Continued Hawkes, "In evolutionary modeling we simplify all that into ‘longevity genes.' So in the modeling, we start at a great ape-like longevity, establishing an equilibrium with longevity mutating-in all directions-and staying at approximate great ape levels. Then we add helpful grandmothering to see whether (very weak) grandmother effects are enough to increase longevities in model populations. The end of female fertility is not changing in the published simulations, something we assume based on the observed similarity in oldest births in humans and great apes (all in the forties and not beyond)."
In the simulations done, "only a tiny fraction of agents initially survive to be ‘eligible' to grandmother. But that's enough to do it. Results we've published show model populations moving from a great ape-like life history, to a human-like one, just as proposed in the verbal model." All these are "continuing reasons to think this hypothesis is very much worth betting on."

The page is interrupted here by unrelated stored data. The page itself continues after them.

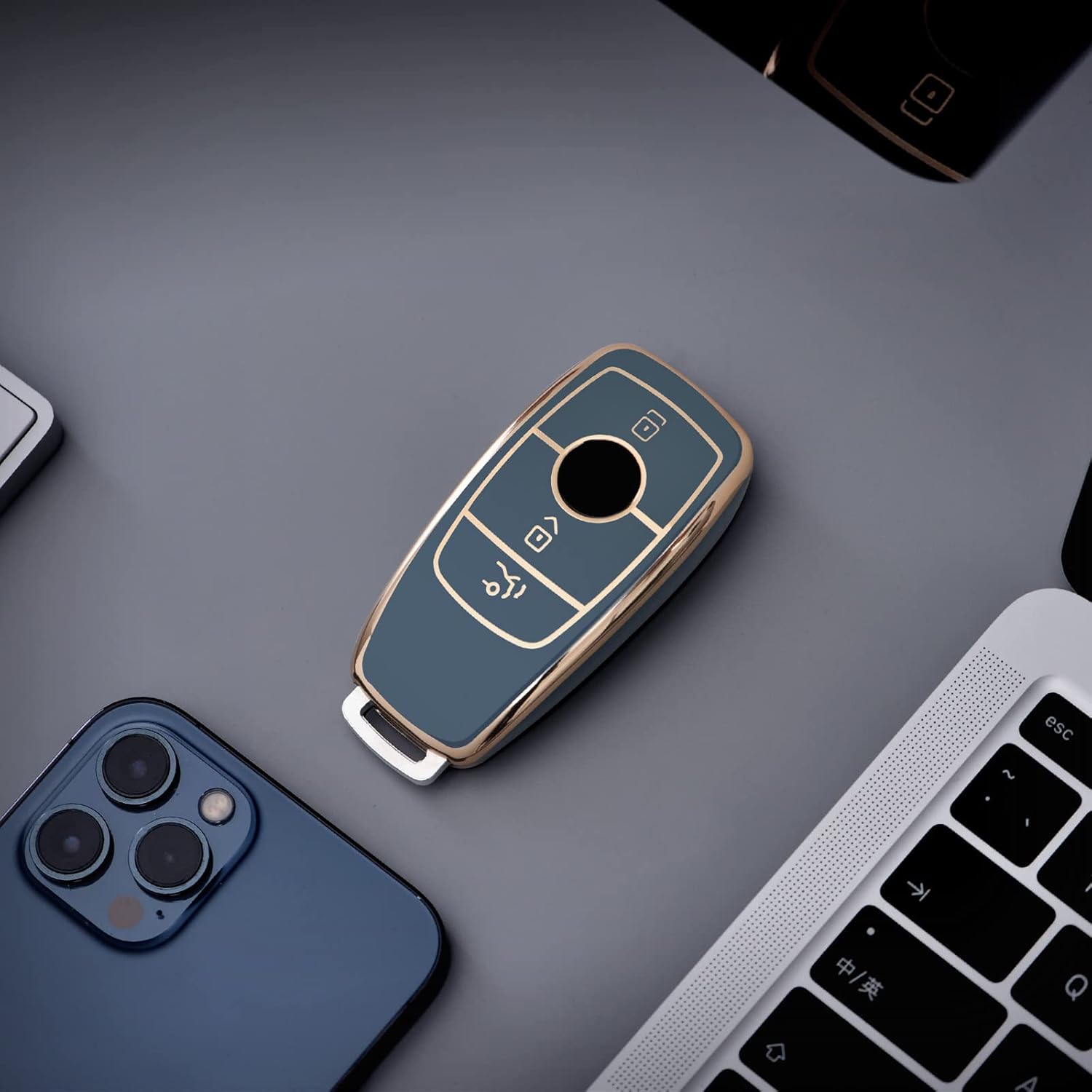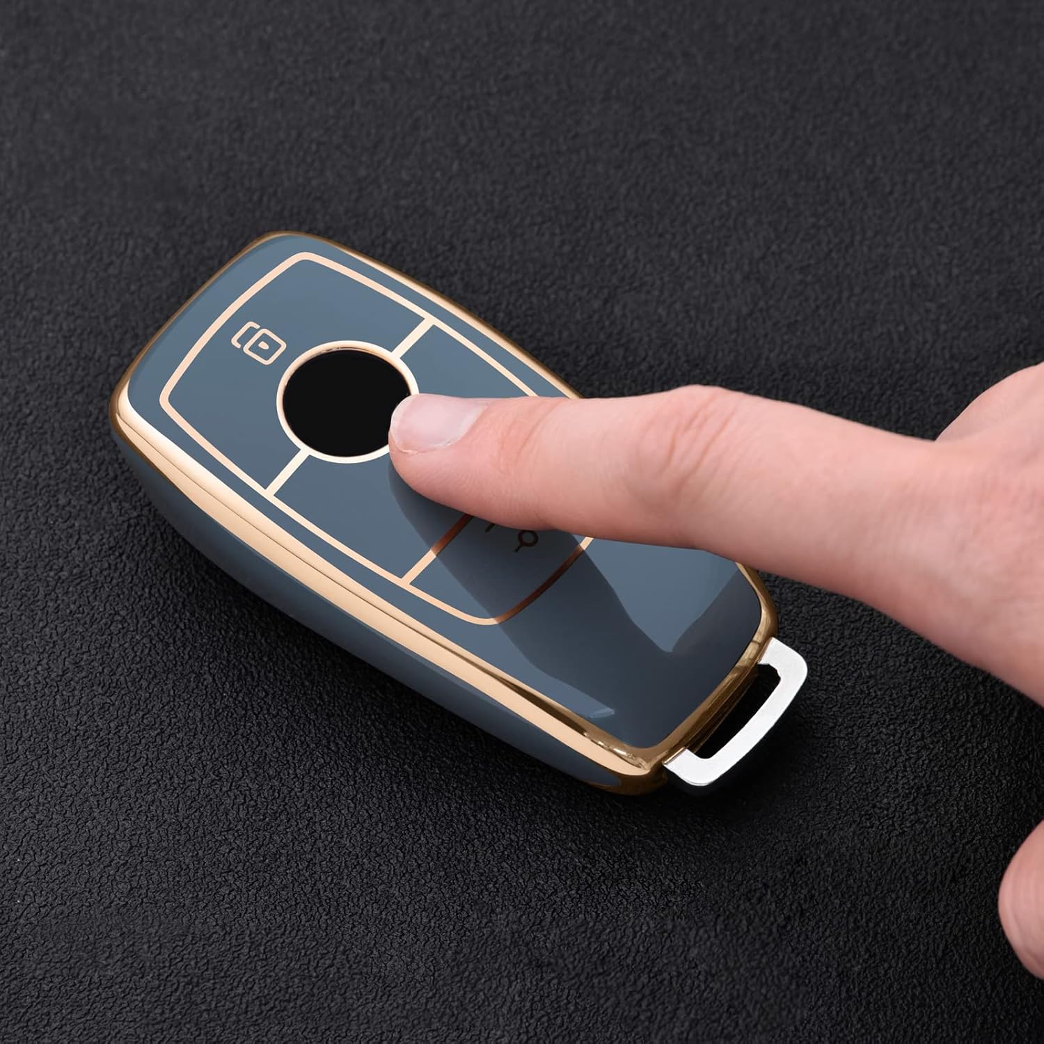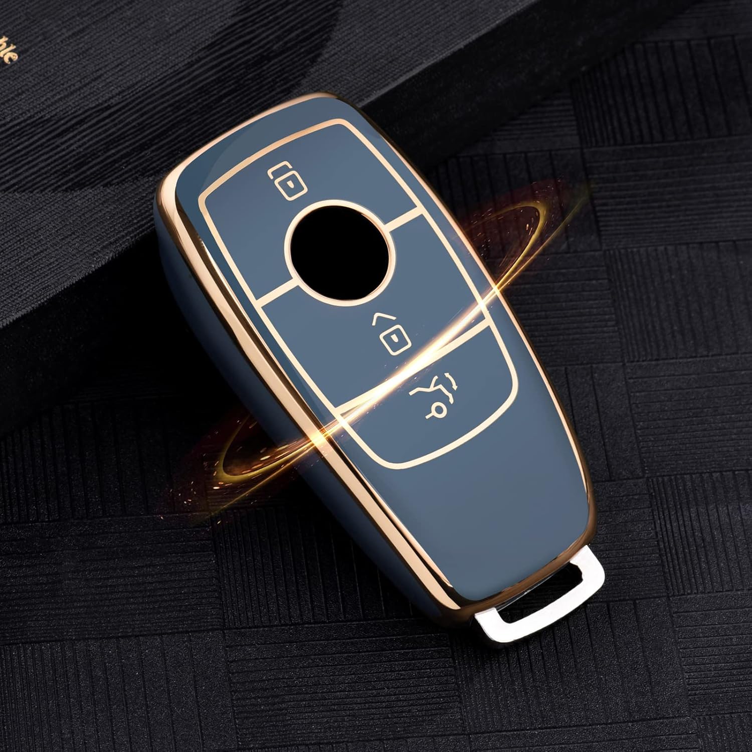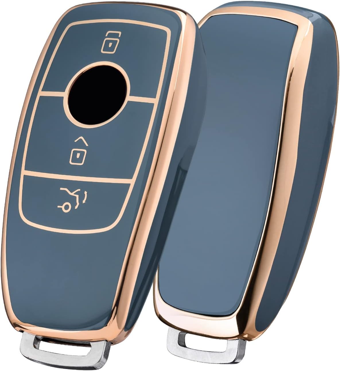 OATSBASF калъф за автомобилни ключове, подходящ за Mercedes Benz, защитен калъф за ключ за E-класа S-класа TPU (златен кант-сив)
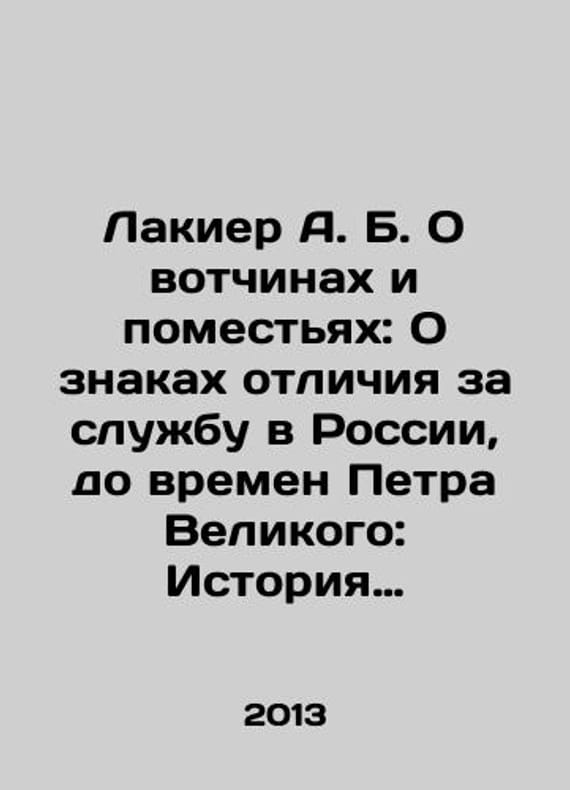 Lakier A. B. On Fiefdoms and Manors: On the Badges of Distinction for Service in Russia, Up to the Time of Peter the Great: The History of the Title of Sovereignty in Russia (collection of 3 books) In Russian /Lakier A. B. O votchinakh i pomestyakh: O znakakh otlichiya za sluzhbu v Rossii, do vremen Petra Velikogo: Istoriya titula gosudarey Rossii (sbornik 3 knig) Model 5 Moscow Publishing House, V. Sekachev, 2013, 338p. We have thousands of titles and often several copies of each title may be available. Please feel free to contact us for a detailed description of the copies available. SKUalb61c075b79c64ecbd.
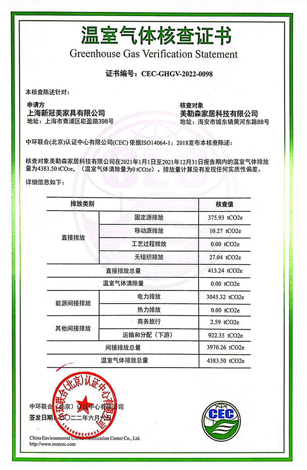 美勒森家居科技有限公司-CEC-GHGV-2022-0098-溫室氣體核查證書
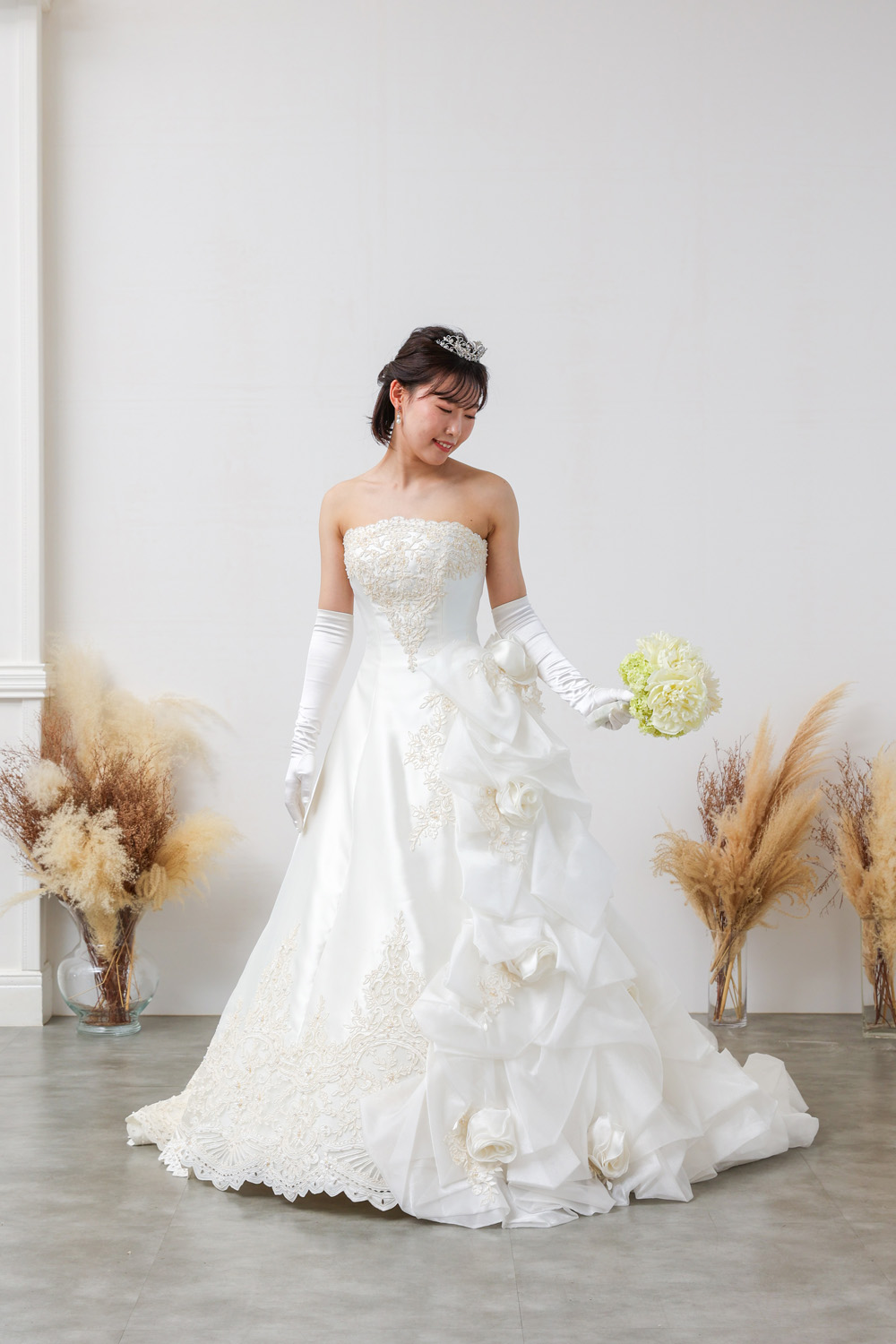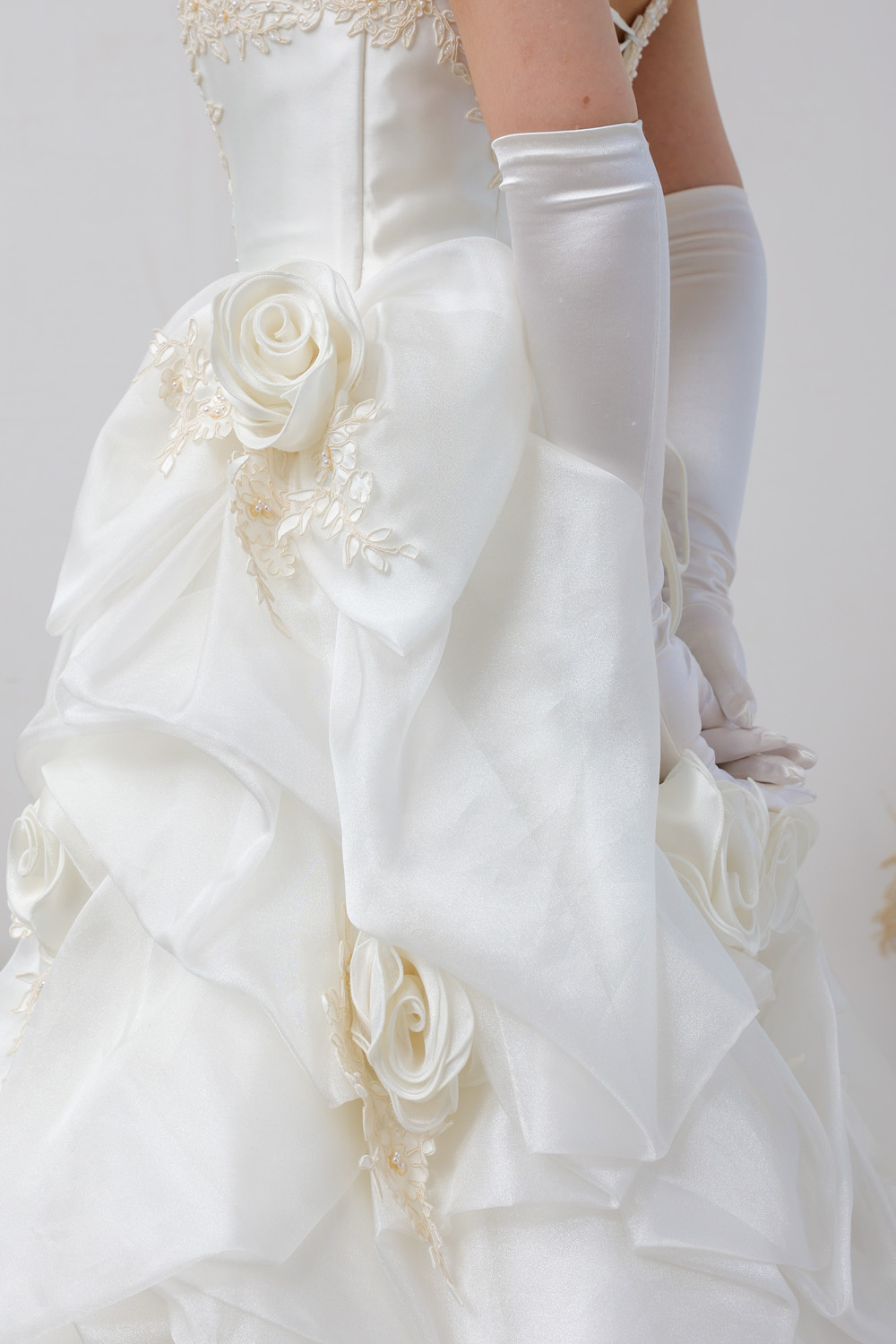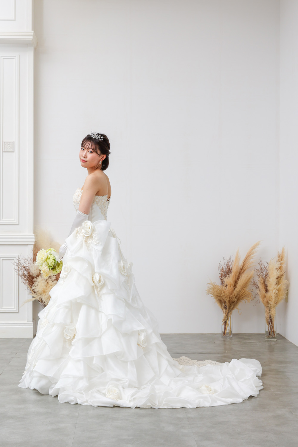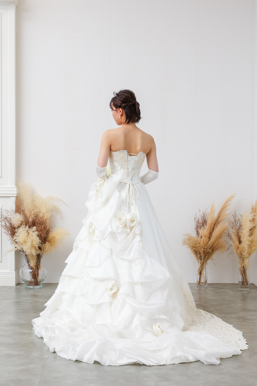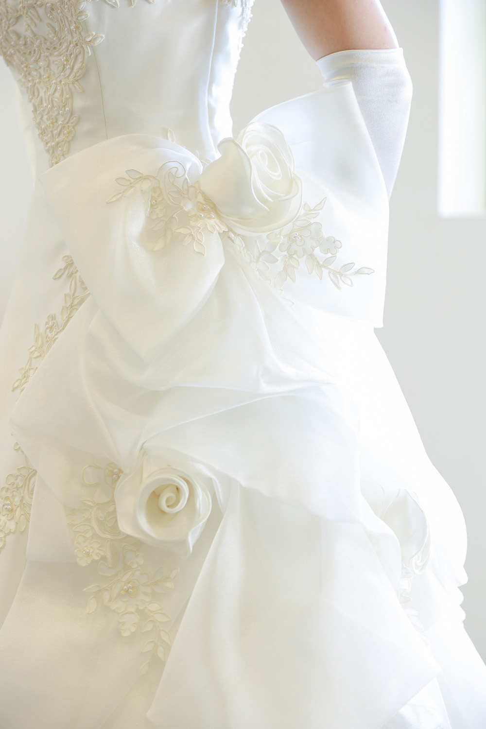 背面にも、ローズや立体フリル、ボウモチーフが贅沢にあしらわれており、どこから見ても華やか。ボリューム感がありながらも軽やかさがあり、後ろ姿にもしっかり気品を感じられる仕上がりです。

But what's going on in the actual physiology? "As longevity increases, females are initially less likely to die while still cycling and postmenopausal survival increases," Hawkes told Bioscience Technology. "Some of somatic physiology is pulling apart from what's happening with cycling."
As noted, she said, in other living hominids, reproductive cycling, and the rest of the body's mechanics, decline together. As the human difference in reproductive cycling became apparent over evolution, humans clearly had to ensure consequences for the differing interaction between the ovaries and the rest of the body. Hawkes' recent paper indicates that the entire HPO axis, involving most key interactions between ovaries and brain, may be involved in the rapid oocyte depletion-and substantial menopause-experienced by humans.
But ultimately, Hawkes told Bioscience Technology: "We need to know a lot more about how that's working in chimpanzees to identify what selection might have done to those mechanisms in the evolution of greater longevity in our own lineage."